> Your objective:
For the data below, restate word for word only the lines from the line containing "Und wie es bei" through the line containing "系列活动尾声,学院组织全体学", both ends included.

> Records shown:

--- START ---

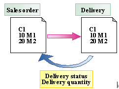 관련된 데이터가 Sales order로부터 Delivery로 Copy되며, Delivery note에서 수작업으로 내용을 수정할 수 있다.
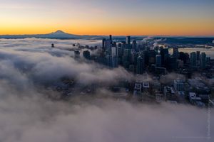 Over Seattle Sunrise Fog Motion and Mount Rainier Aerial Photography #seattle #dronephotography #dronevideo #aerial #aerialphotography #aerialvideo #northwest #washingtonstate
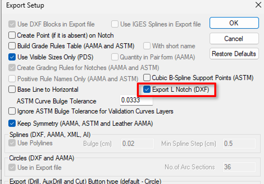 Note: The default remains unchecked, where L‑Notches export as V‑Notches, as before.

--- END ---
--- START ---

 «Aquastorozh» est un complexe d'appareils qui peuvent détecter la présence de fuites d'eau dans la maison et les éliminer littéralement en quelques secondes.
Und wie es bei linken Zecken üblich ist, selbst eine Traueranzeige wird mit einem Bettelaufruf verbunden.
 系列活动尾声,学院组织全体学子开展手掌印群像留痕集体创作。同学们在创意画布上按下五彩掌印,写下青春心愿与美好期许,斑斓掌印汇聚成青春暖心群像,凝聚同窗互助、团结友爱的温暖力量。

--- END ---

> Output of the task:
Und wie es bei linken Zecken üblich ist, selbst eine Traueranzeige wird mit einem Bettelaufruf verbunden.
 系列活动尾声,学院组织全体学子开展手掌印群像留痕集体创作。同学们在创意画布上按下五彩掌印,写下青春心愿与美好期许,斑斓掌印汇聚成青春暖心群像,凝聚同窗互助、团结友爱的温暖力量。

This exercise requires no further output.